Print all the records below exactly as they stand, but leave out the pictures.

Exercise material below:

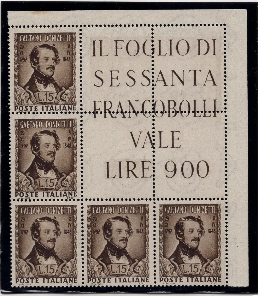 MNH - Vollgummi - Donizzetti Nr. 593 Eckblock von fünf Exemplaren (Katalog Coll.it Nr. 1) perfekt, gut zentriert mit Vollgummi - Kat. euro 50 Cod. 2751/WEB
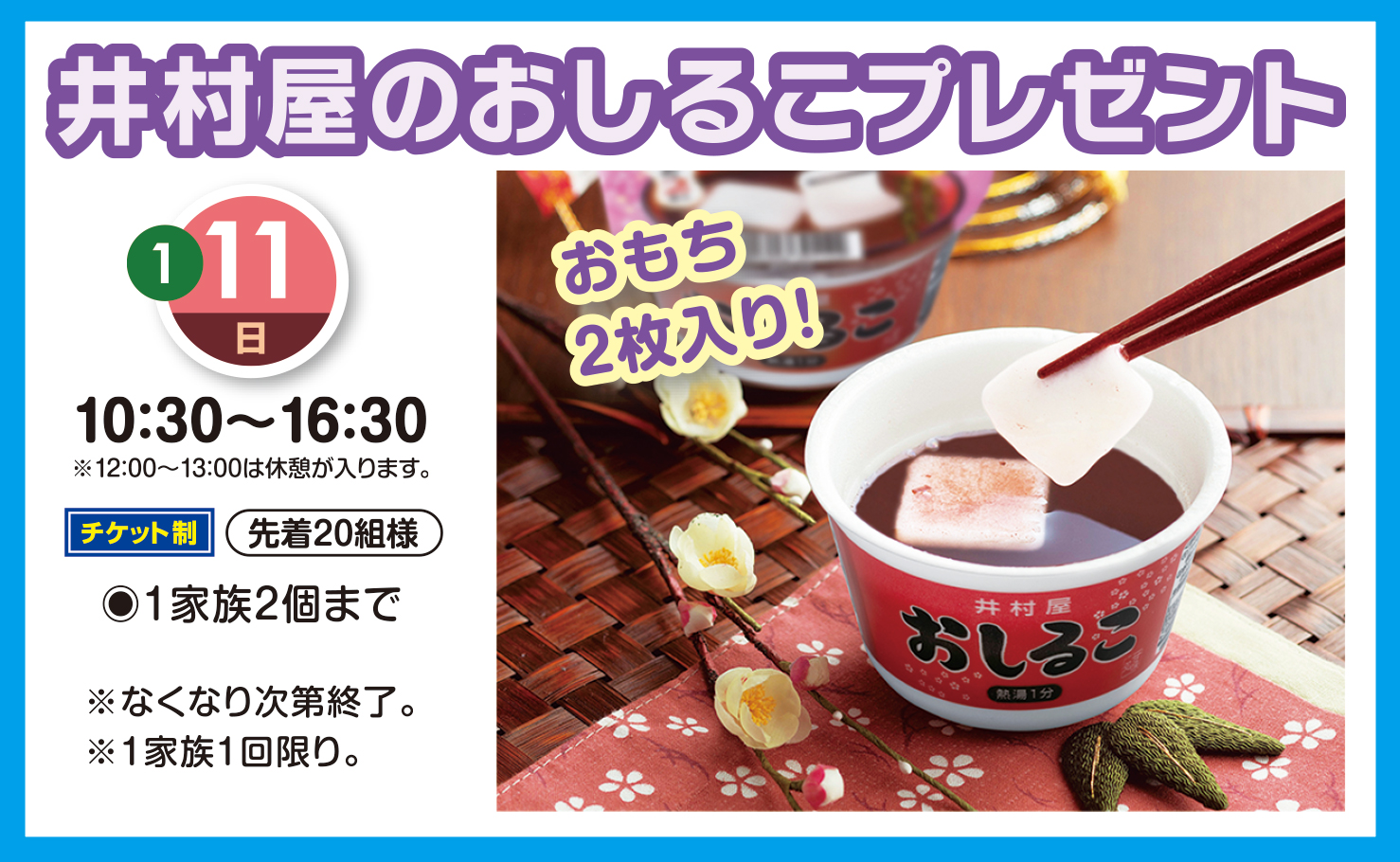 【2026年1月11日(日)】井村屋のおしるこプレゼント
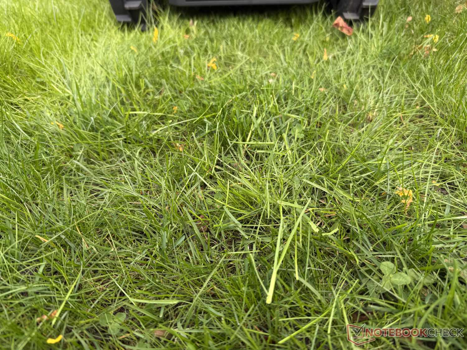 Ancak, üretici tarafından vaat edilen malçlama, pratikte yalnızca sınırlı bir ölçüde işe yaradı. Çimlerin üzerinde çok sayıda uzun sap kaldı. Bunu istemiyorsanız, ya önce yüksek bir çimi önceden biçmelisiniz (diğer modellerde olduğu gibi) ya da önemli kesme yüksekliğini 9 cm'den kademeli olarak azaltmalısınız.
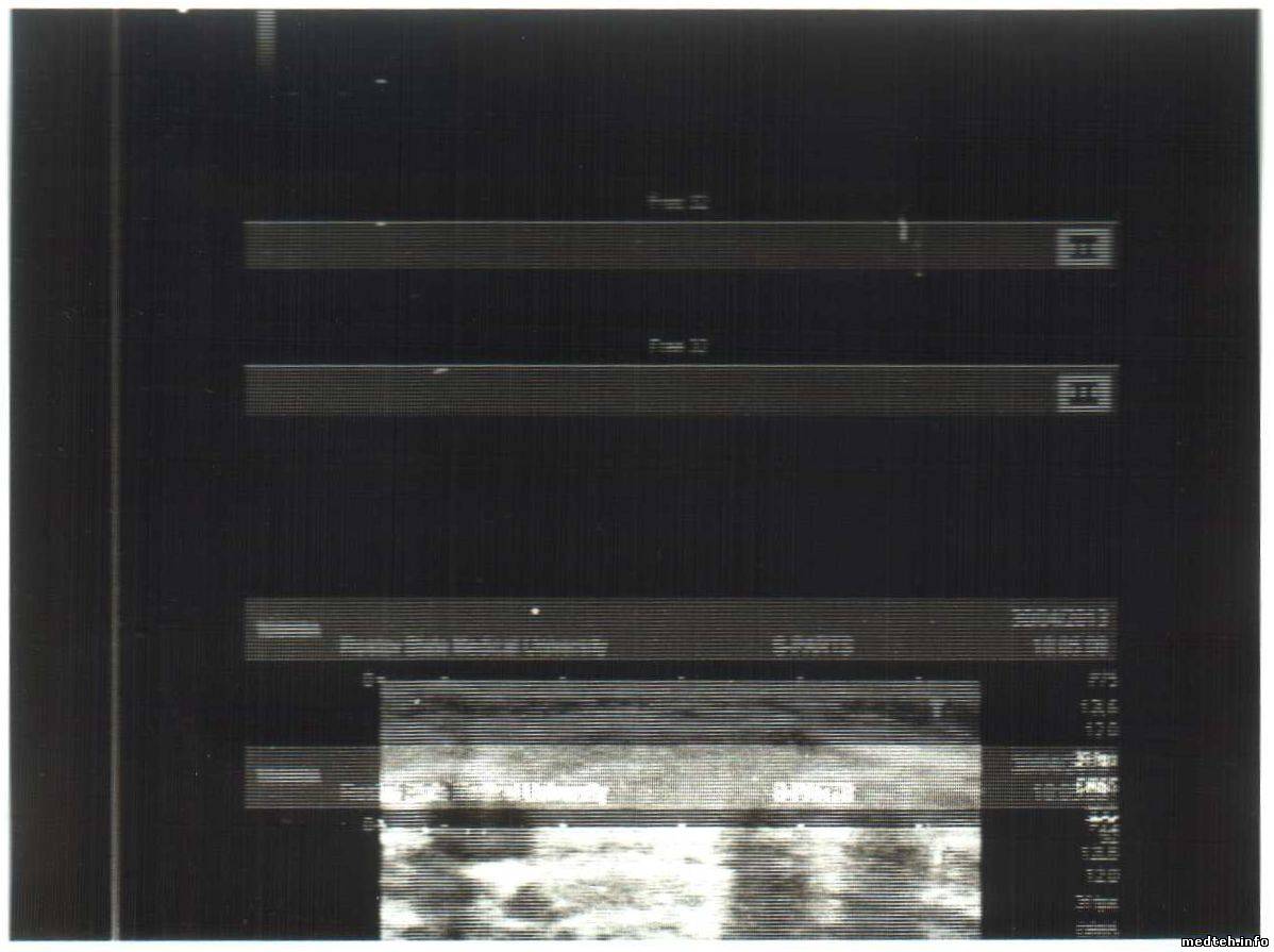 Здравствуйте, коллеги. Спасибо за помощь. И сам считаю, что лучше выложить фото того, что распечатывает принтер, что и делаю. Можно заметить, что принтер печатает верхнюю часть снимка в нижней части (2 раза), нижняя часть изображения УЗИ не распечатывается, хотя "меню с надписью" распечатывается. Распечатка нечеткая.
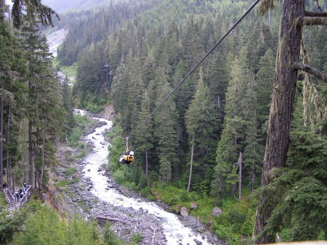 カナダでは主にウィスラーで滞在してました。ウィスラーはカナダのリゾート都市で、2010年バンクーバーオリンピックの山岳競技の主要会場となる予定だそうです。スポーツも盛んで冬はスキー・スノボー、今の時期はマウンテンバイクが有名です。確かにすごい数のマウンテンバイクでした。さらには今の時期でもスノーボード背負った人もいましたし。
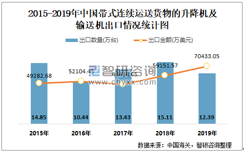 2015-2019年中国带式连续运送货物的升降机及输送机出口情况统计图
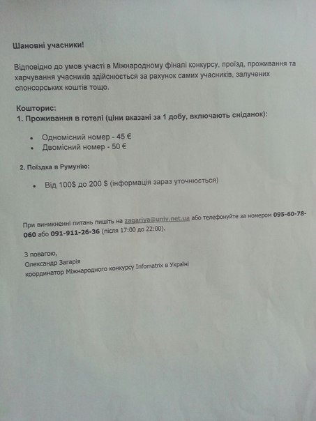 Справжній міжнародний конкурс (олімпіада) мають спонсорів (бюджет) і їхня ціль знайти розумну людину і зробити все щоб він навчався у них ( в країні) тому вони не беруть грошей за проживання а іноді навіть компенсовують витрати на проїзд за наявності підтверджуючих документів - а це сумнівна подія з сумнівним папірцем-запрошенням і дуже сумнівним листом-кошторисом витрат - тому скоріше за все така відповідь у фонді
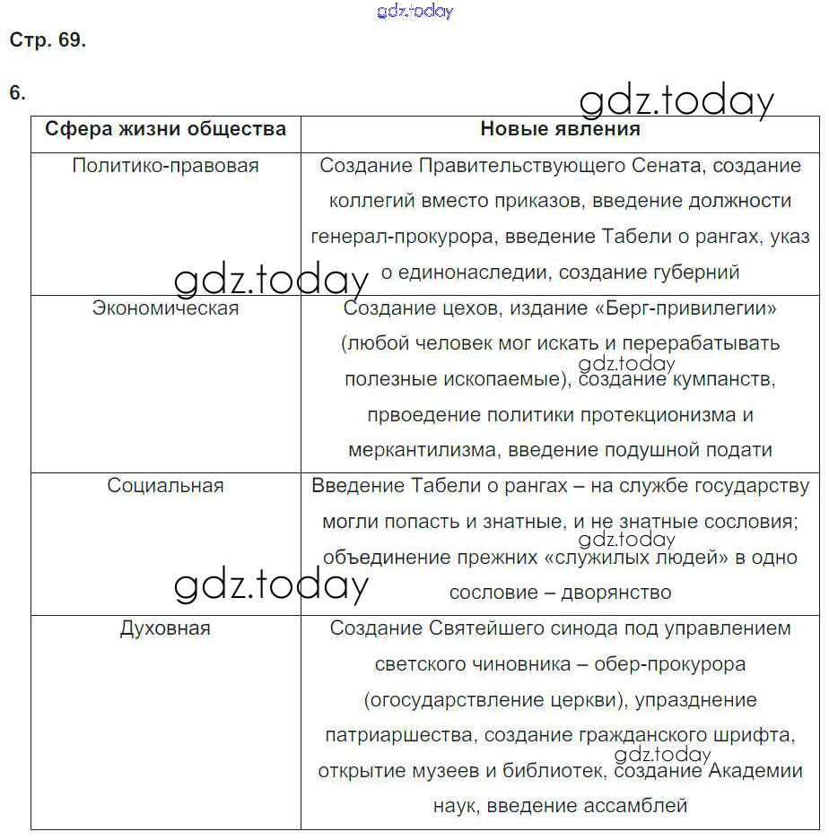 На страницах сайта gdz.today вы найдете учебный и вспомогательный материал, направленный на улучшения знаний школьной программы. ГДЗ - онлайн мир знаний Страницы (решение) 69 Тетради-тренажёру по Истории России для 7 класса Данилов, Лукутин Просвещение Сферы 2016
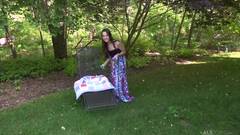 Essa cena de sexo ao ar livre vai nos encantar, vamos ver como essa morena se masturba usando apenas seu brinquedo sexual
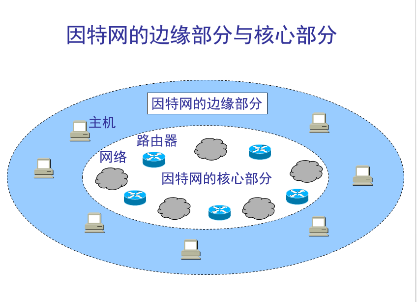 - 边缘部分 :由所有连接在因特网上的主机组成。这部分是用户直接使用的,用来进行通信(传送数据、音频或视频)和资源共享。

End of Exercise material.

## Answer for this exercise
 MNH - Vollgummi - Donizzetti Nr. 593 Eckblock von fünf Exemplaren (Katalog Coll.it Nr. 1) perfekt, gut zentriert mit Vollgummi - Kat. euro 50 Cod. 2751/WEB
 【2026年1月11日(日)】井村屋のおしるこプレゼント
 Ancak, üretici tarafından vaat edilen malçlama, pratikte yalnızca sınırlı bir ölçüde işe yaradı. Çimlerin üzerinde çok sayıda uzun sap kaldı. Bunu istemiyorsanız, ya önce yüksek bir çimi önceden biçmelisiniz (diğer modellerde olduğu gibi) ya da önemli kesme yüksekliğini 9 cm'den kademeli olarak azaltmalısınız.
 Здравствуйте, коллеги. Спасибо за помощь. И сам считаю, что лучше выложить фото того, что распечатывает принтер, что и делаю. Можно заметить, что принтер печатает верхнюю часть снимка в нижней части (2 раза), нижняя часть изображения УЗИ не распечатывается, хотя "меню с надписью" распечатывается. Распечатка нечеткая.
 カナダでは主にウィスラーで滞在してました。ウィスラーはカナダのリゾート都市で、2010年バンクーバーオリンピックの山岳競技の主要会場となる予定だそうです。スポーツも盛んで冬はスキー・スノボー、今の時期はマウンテンバイクが有名です。確かにすごい数のマウンテンバイクでした。さらには今の時期でもスノーボード背負った人もいましたし。
 2015-2019年中国带式连续运送货物的升降机及输送机出口情况统计图
 Справжній міжнародний конкурс (олімпіада) мають спонсорів (бюджет) і їхня ціль знайти розумну людину і зробити все щоб він навчався у них ( в країні) тому вони не беруть грошей за проживання а іноді навіть компенсовують витрати на проїзд за наявності підтверджуючих документів - а це сумнівна подія з сумнівним папірцем-запрошенням і дуже сумнівним листом-кошторисом витрат - тому скоріше за все така відповідь у фонді
 На страницах сайта gdz.today вы найдете учебный и вспомогательный материал, направленный на улучшения знаний школьной программы. ГДЗ - онлайн мир знаний Страницы (решение) 69 Тетради-тренажёру по Истории России для 7 класса Данилов, Лукутин Просвещение Сферы 2016
 Essa cena de sexo ao ar livre vai nos encantar, vamos ver como essa morena se masturba usando apenas seu brinquedo sexual
 - 边缘部分 :由所有连接在因特网上的主机组成。这部分是用户直接使用的,用来进行通信(传送数据、音频或视频)和资源共享。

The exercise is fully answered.